→ EXERCISE DETAILS:
Restate word for word the lines between the start of the material and the line with "Mehrmals stellte sich", keeping both of those ends and none of the pictures.

→ INFORMATION PROVIDED:
****************************************
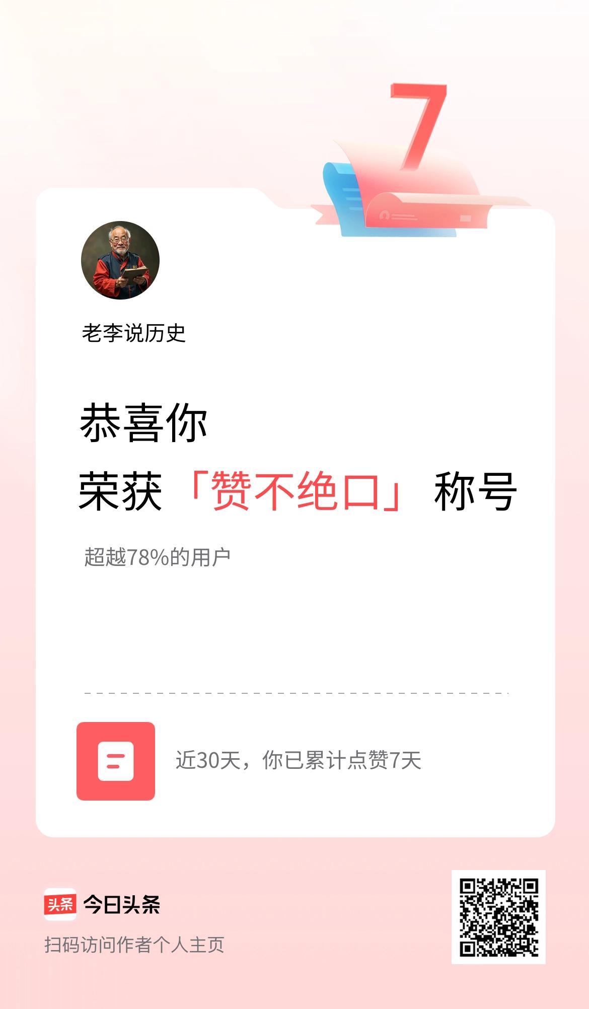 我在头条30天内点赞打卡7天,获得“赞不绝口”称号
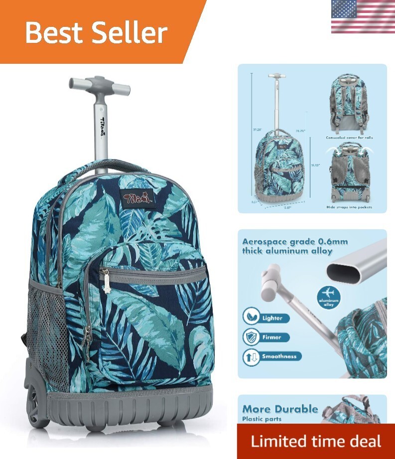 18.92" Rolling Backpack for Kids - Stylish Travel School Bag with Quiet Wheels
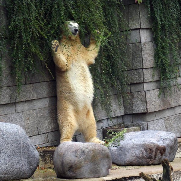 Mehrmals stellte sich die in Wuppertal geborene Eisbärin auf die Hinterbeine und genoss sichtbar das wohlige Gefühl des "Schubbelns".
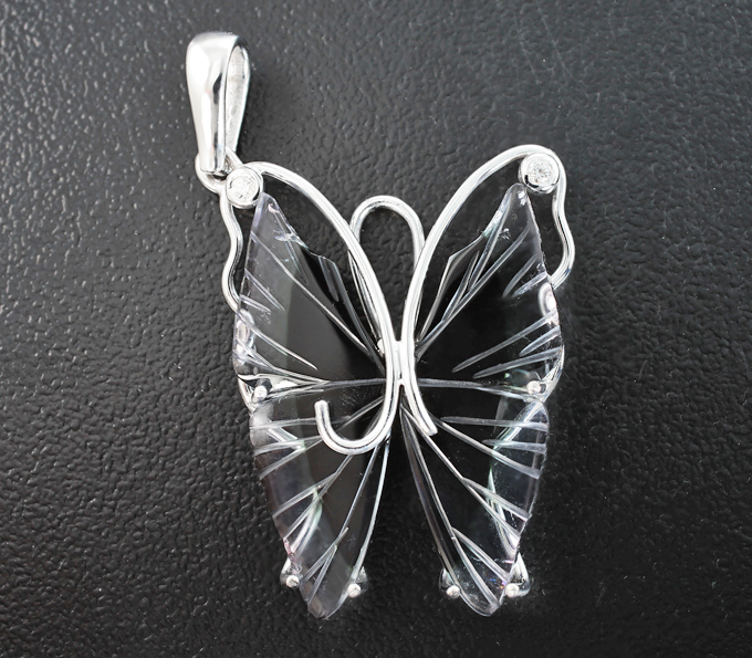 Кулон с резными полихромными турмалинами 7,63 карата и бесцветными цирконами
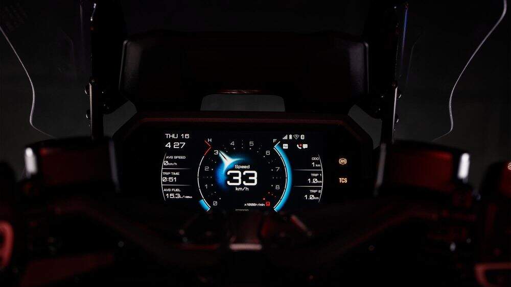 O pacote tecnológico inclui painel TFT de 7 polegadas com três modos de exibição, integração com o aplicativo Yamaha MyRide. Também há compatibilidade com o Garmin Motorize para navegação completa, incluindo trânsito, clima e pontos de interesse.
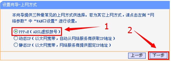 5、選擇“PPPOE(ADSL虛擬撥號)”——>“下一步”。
****************************************
→ RESULT OF THE EXERCISE:
 我在头条30天内点赞打卡7天,获得“赞不绝口”称号
 18.92" Rolling Backpack for Kids - Stylish Travel School Bag with Quiet Wheels
 Mehrmals stellte sich die in Wuppertal geborene Eisbärin auf die Hinterbeine und genoss sichtbar das wohlige Gefühl des "Schubbelns".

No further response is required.